John Shearer: Visiting Neyland Stadium

Sunday, September 2, 2012 - by John Shearer

On Saturday afternoon, I found myself over by the University of Tennessee’s Neyland Stadium in Knoxville.

That may seem typical for a September weekend, but Tennessee had no home game. The Vols had played on Friday against N.C. State in Atlanta, and about 100,000 fewer people were there than will likely be the next two Saturdays.

As I jogged around the area and took pictures, I was struck with how peaceful the setting was. A beautiful blue sky had appeared, and hardly anyone else was there.

I particularly wanted to examine the new checkerboard and power T painted brickwork that had been installed on Peyton Manning Pass in front of the stadium. This is the area where the UT team walks during the famous Vol Walk, and the work was done last month to enhance the experience and give the street the look of the stadium field.

The $20,000 project, done by National Pavement, had been funded by 700 members of the Class of 2007 as a class project.
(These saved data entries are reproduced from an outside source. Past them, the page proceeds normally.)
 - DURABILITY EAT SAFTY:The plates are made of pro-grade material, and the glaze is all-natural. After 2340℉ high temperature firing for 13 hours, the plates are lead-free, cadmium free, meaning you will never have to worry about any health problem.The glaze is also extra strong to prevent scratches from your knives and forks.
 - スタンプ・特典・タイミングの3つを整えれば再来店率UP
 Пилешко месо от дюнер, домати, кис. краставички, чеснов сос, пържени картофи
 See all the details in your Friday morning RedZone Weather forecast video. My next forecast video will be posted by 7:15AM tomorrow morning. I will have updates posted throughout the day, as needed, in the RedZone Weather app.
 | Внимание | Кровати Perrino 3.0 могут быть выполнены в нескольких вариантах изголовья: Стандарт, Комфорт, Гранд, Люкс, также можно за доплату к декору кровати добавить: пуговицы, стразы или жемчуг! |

So few people were there that I was able to lie down very briefly and get a picture of the checkerboard bricks from street level.
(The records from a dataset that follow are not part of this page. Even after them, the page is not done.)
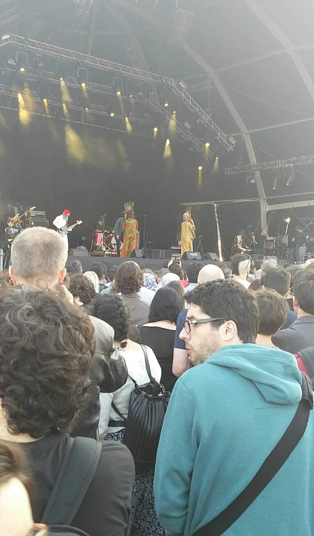 I really wanted to like Quarto Negro, who are from Brazil but spent some time in the Pacific Northwest and are on SubPop. They were at the same stage as Mahmet, so we waited there for them. Unfortunately, I don’t think an outdoor space with seating at an angle was good for them. I think they need a small club atmosphere, or at least people near the stage. The music seemed ok, but… we just weren’t that interested. So after a few songs, we left for…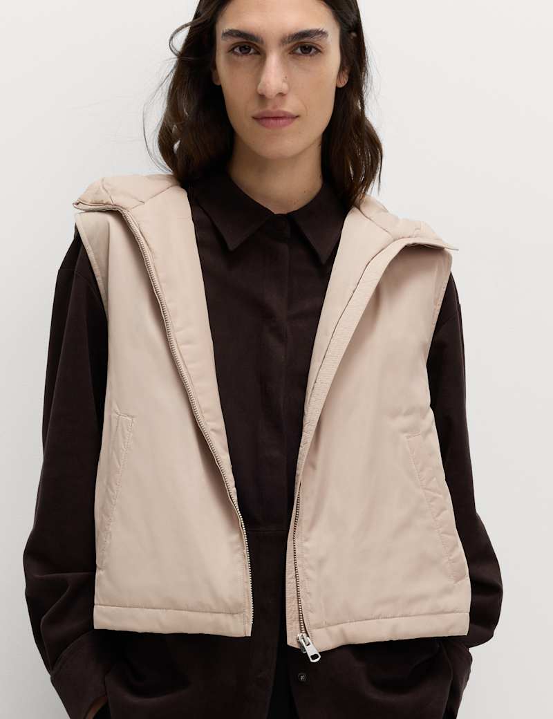 Stay cosy in this versatile gilet featuring with a lightly padded design for extra warmth. Ideal for layering, the design has a regular fit with a modern cropped length and a drawstring hooded neck. The zip-up front ensures you stay snug, while two front pockets are ideal for carrying essentials. Our water-repellent Stormwear™ technology helps to keep you dry in light showers.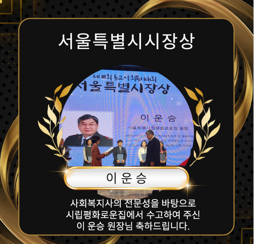 제18회 종교사회복지대회 서울특별시장상 페이지 정보 작성자 장설궁 작성일 24-01-10 11:51 조회 6,166회 댓글 0건 본문 지난 12월 27일 오후 4시 30분 서울 마포구 케이터틀에서 ‘제18회 종교사회복지대회’를 개최했습니다사회복지의 성장을 위해 헌신한 서울특별시립평화로운집 이운승 원장님께서 서울특별시시장상 수상하셨습니다. 축하드립니다. 이전글 다음글 목록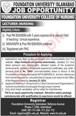 Foundation University Islamabad Islamabad, islamabad Islamabad Pakistan invites applications from eligible candidates for the post of lecturer nursing and lecturer as per advertisement of January 14, 2024 published in daily Dunya Newspaper. MS and Others etc. educational qualification will be preferred.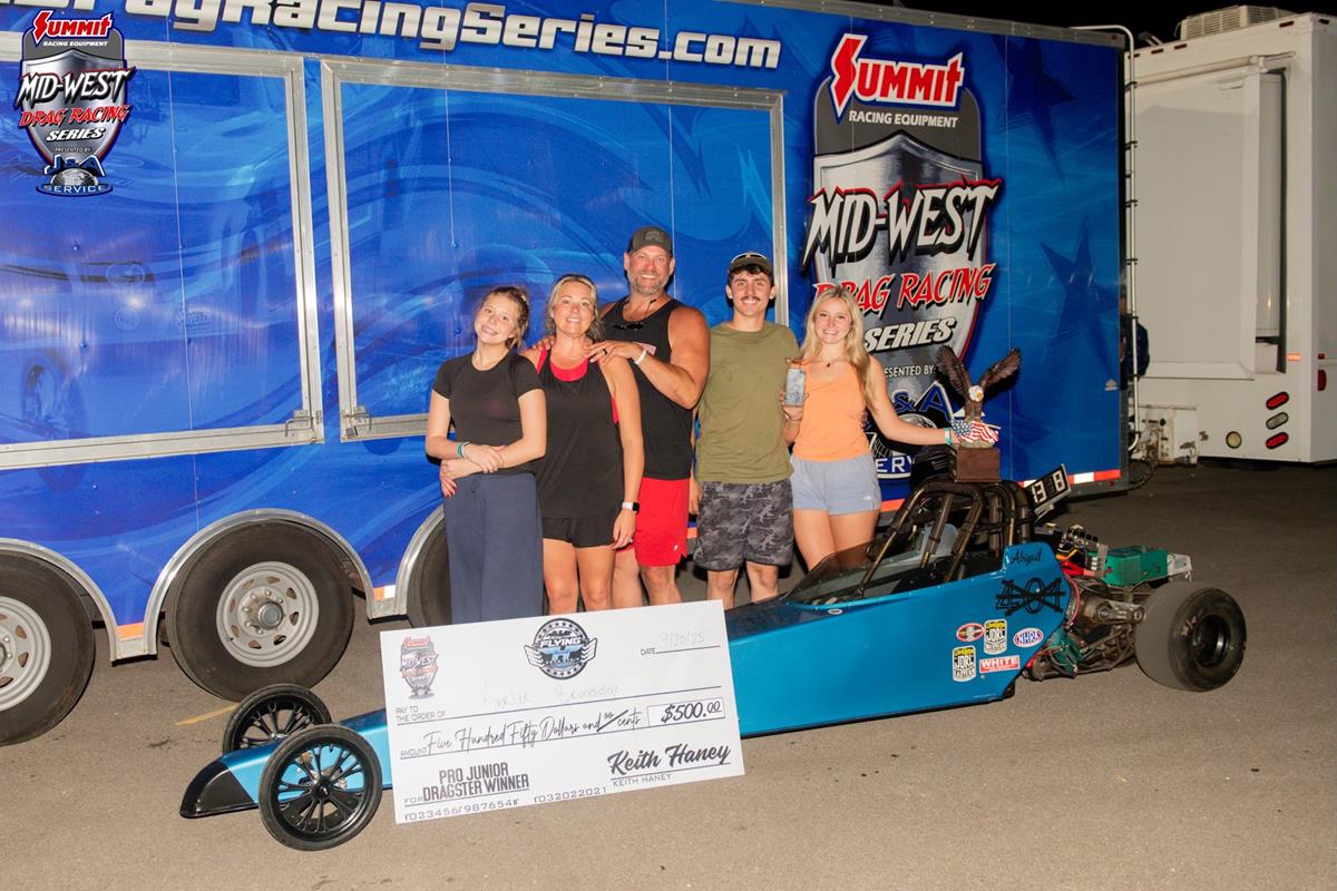 With 2 Zimmerman Sportsman Junior championships and 1 Race Star Wheels Pro Junior championship already to his name, Wells moves past Keith Haney and Rod Moore into the role of the most decorated driver in Mid-West Drag Racing Series history. "When I first started in this car, I didn't think I'd do this good. Actually, I didn't even think I'd win a race, a few rounds was the goal. Winning a championship is pretty crazy," said Wells.

Next week against Georgia State, the team will be walking over those bricks with hundreds standing along the street.

But on Saturday, only an occasional car passed.
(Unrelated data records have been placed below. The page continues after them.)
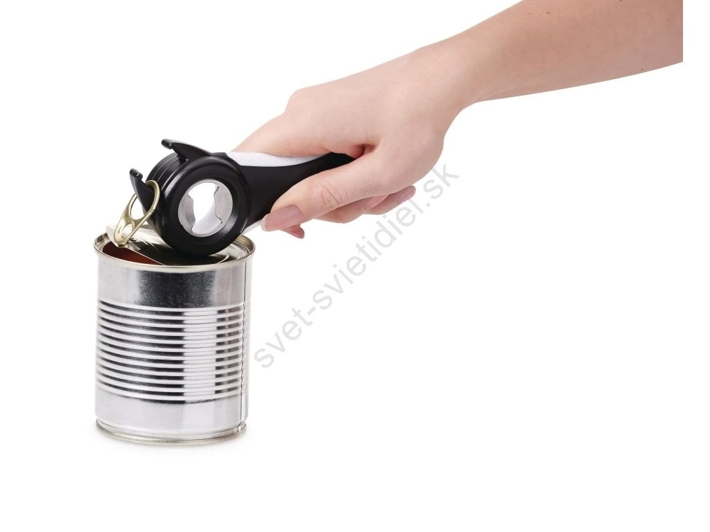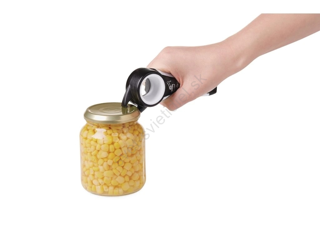 • Vďaka svojmu dizajnu zvládne päť rôznych úkonov: otváranie plechoviek či konzerv, odstraňovanie viečok zaváracích pohárov (kompoty), ako aj bežný korunkový uzáver zo sklenej fľaše a závitový uzáver z PET fľaše.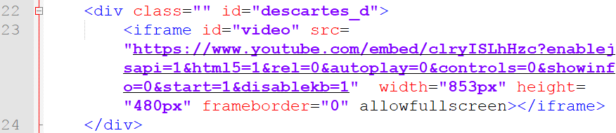 Una vez tengas el código, abres el archivo ivideo.html y cambias el código YouTube (clryISLhHzc) que aparece después de embed/, observa: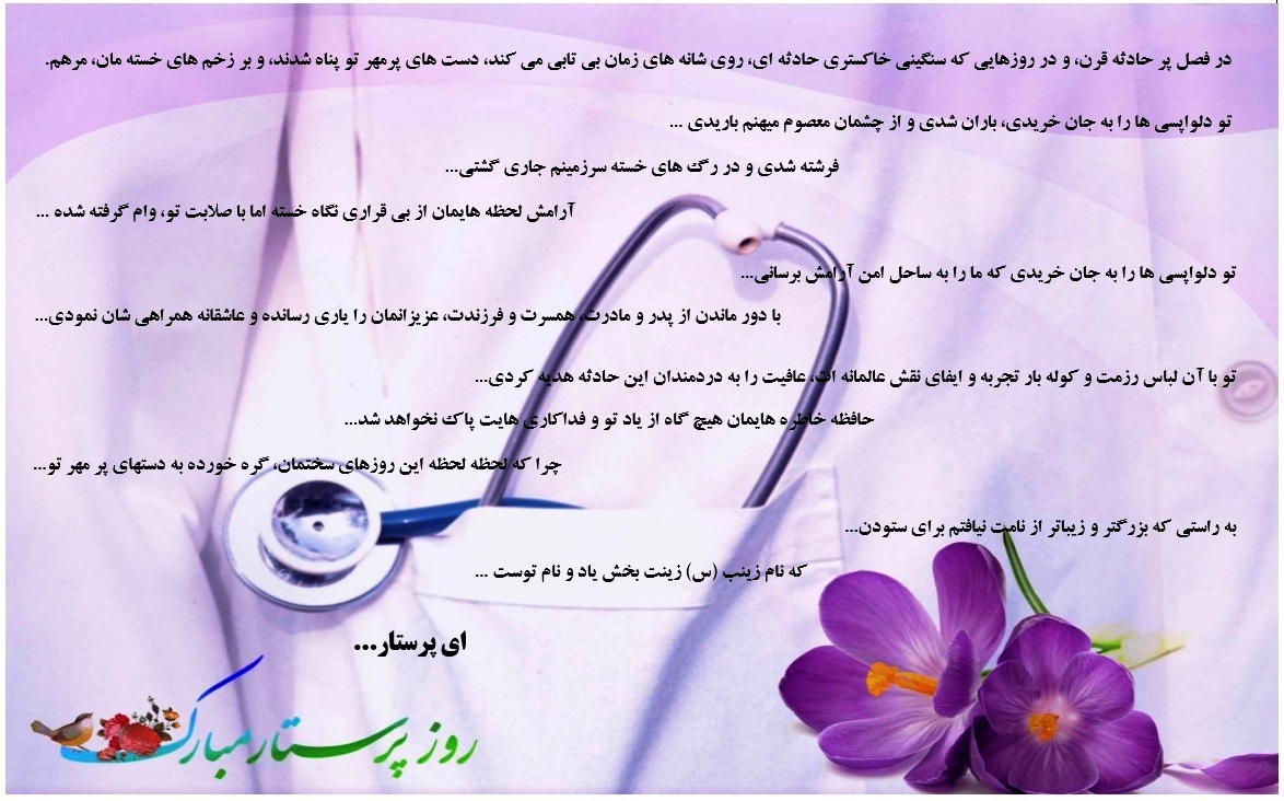 پیام تبریک ریاست محترم دانشکده بمناسبت ولادت حضرت زینب (س) و گرامیداشت روز پرستار

I then looked around the outside of the stadium a little, noticing the Don Weller gate named for the Chattanoogan. I also said hello to the large murals of the late Chattanoogan Reggie White and others, and noticed the orange Tennessee signs from different eras and the vintage wooden game program booths.

After that, I climbed the hill west of the stadium and passed the Volunteer/Torchbearer statue. Its flame was burning strongly, just as it has since 1968. As with the stadium, I had the statue to myself, which will be a far cry from the next two Saturdays.

I then jogged around Circle Park and then around the remodeled Humanities and Social Sciences Building and McClung Tower.

I like to run on grassy areas, and the University of Tennessee does not have as much grass and trees as some campuses. But these areas – particularly Circle Park – were adequate. And, unlike during the week, they were void of students.

As I ended my run back by my vehicle, I picked up a few persimmons that had fallen from a Circle Park tree. I wanted to take them home to make fall persimmon bread.

Next week, hundreds will probably be trampling over the area on their way to the stadium and smashing the remaining persimmons.

But Saturday was a day to enjoy the calm before the storm.